All shapes and sizes
The team will start in Sturbridge in central Massachusetts, ride a little more than 100 miles east in the first day, and then ride another 90 miles along the hook of Cape Cod before finishing at Provincetown at the tip of the Atlantic Ocean.
Riders will have to cycle along active roads, occasionally pulling to a full stop at traffic intersections.
The event organizers have chase cars that look after riders that go down, or encounter the occasional flat tire.
Butler said Pan-Mass riders come in all shapes in sizes — this year the youngest rider will be 13 years old, and the oldest is 88.
“You get some people that you’re surprised are on a bike, but then there are some others who will pass you that you’re even wondering how they’re on a bike,” he said.
Support
Butler recalled how when he pulled into the town of Lakeville during his first Pan-Mass Challenge last year, all the people of the town had pulled up to the ends of their driveways in the pouring rain to cheer the riders on. Many had put lawn signs out with the faces of children lost to cancer.
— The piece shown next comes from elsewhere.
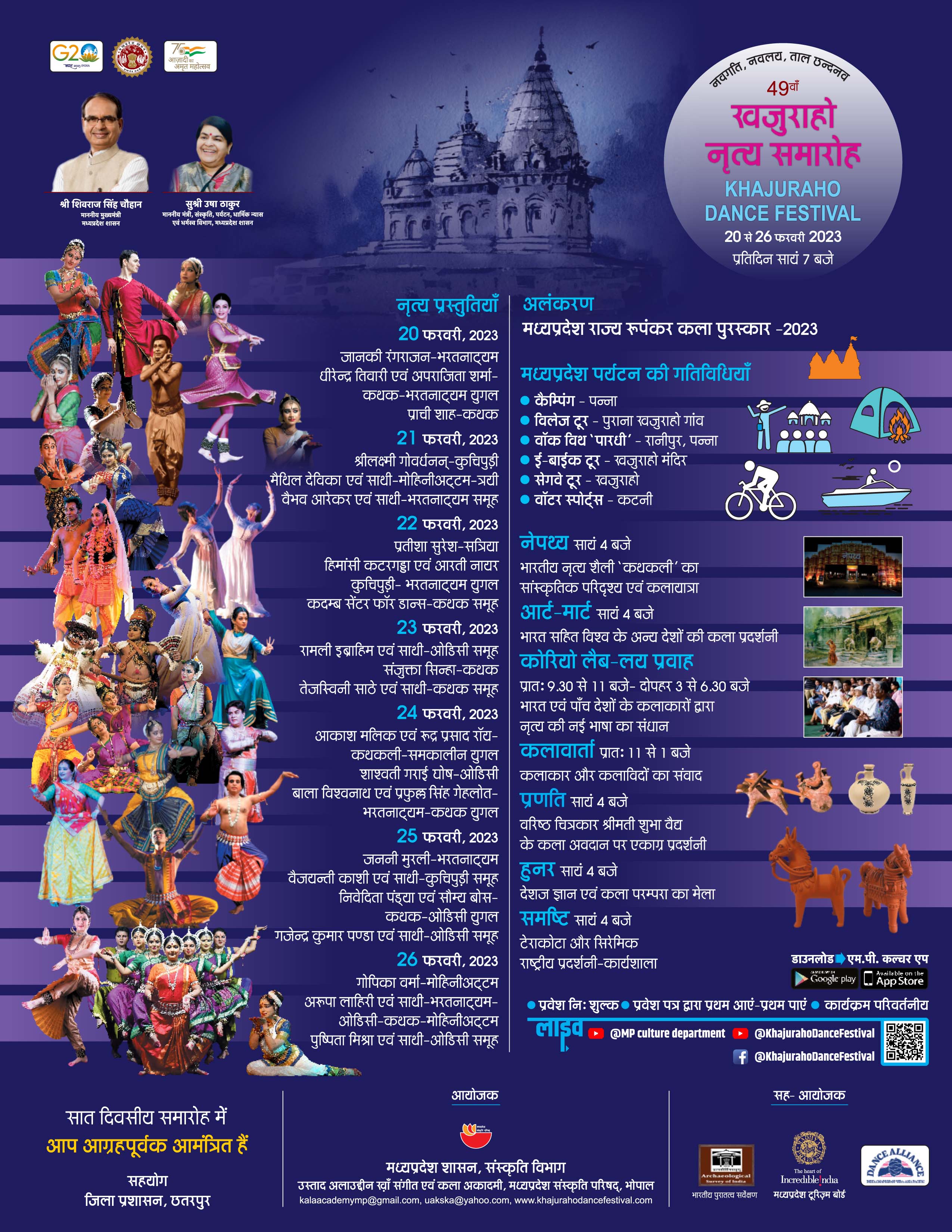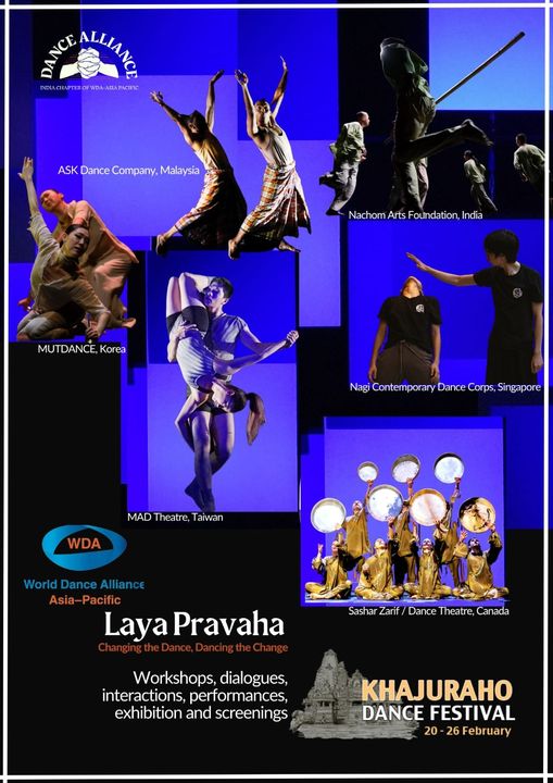 खजुराहो नृत्य समारोह-2023 (अतिरिक्त गतिविधियां) मध्यप्रदेश पर्यटन की गतिविधियाँ 1. कैम्पिंग - पन्ना 2. विलेज टूर - पुराना खजुराहो गांव 3. वॉक विथ पारथी - रानीपुर, पन्ना 4. ई-बाईक टूर - खुजराहो मंदिर 5. वॉटर स्पोर्ट्स - कटनी नेपथ्य सायं 4 बजे से भारतीय नृत्य शैली 'कथकली' का सांस्कृतिक परिदृश्य एवं कलायात्रा आर्ट-मार्ट सायं 4 बजे से भारत सहित विश्व के अन्य देशों की कला प्रदर्शनी कोरियो लैब-लय प्रवाह प्रातः 9.30 से 11 बजे- दोपहर 3 से 6.30 बजे भारत एवं पाँच देशों के नृत्य कलाकारों द्वारा नृत्य की नई भाषा का संधान कलावार्ता प्रातः 11 से 1 बजे कलाकार और कलाविदों का संवाद प्रणति सायं 4 बजे से वरिष्ठ चित्रकार श्रीमती शुभा वैद्य के कला अवदान पर एकाग्र प्रदर्शनी हुनर सायं 4 बजे से देशज ज्ञान एवं कला परम्परा का मेला समष्टि सायं 4 बजे से टेराकोटा और सिरेमिक राष्ट्रीय प्रदर्शनी-कार्यशाला मध्यप्रदेश राज्य रूपंकर कला पुरस्कार एवं प्रदर्शनी-2023

“It chokes me up even today,” Butler said, pausing. “There were hundreds of these signs all throughout Lakeville… [and] they’re standing out in the rain cheering us on.”
Child cancer patients were also there to cheer them on from their parents’ shoulders, many of them clearly still in treatment, Butler said.
Most of the people he knows are either cancer survivors themselves, or are “one degree removed” from someone who battled the disease, he added.
Browning also said he has “this leukemia monkey on my back,” and two of his family members have been diagnosed with various forms of cancer.
Riders awake at the crack of dawn to set off.
“You start off on Saturday morning at like 5:30 in the morning. You’ve got your 6,000 riders, family members saying goodbye, and then you’ve got hundreds of police and all the bikes are lit up, and then someone goes up on the platform and sings the national anthem — and it’s just incredibly powerful,” said Carruthers.
It’s a test of endurance and commitment riders have been pouring blood, sweat, and sunburned skin into for 40 years, come August. Because it’s not a race, Carruthers said one of the most satisfying parts of the day is watching the last riders pull up to the finish line at the end of the second day — pushing through despite their slower pace. “When you see someone on their bike for 12 hours, that’s really humbling,” he said.
“I think the energy when you pull in — I mean there are thousands of people lining the streets — that’s pretty darn cool” Carruthers added.
Editor’s note: Butler is hosting a party tonight — July 31 — at the Arezzo Ristorante in Westport to raise funds through a silent auction with music, food and drinks.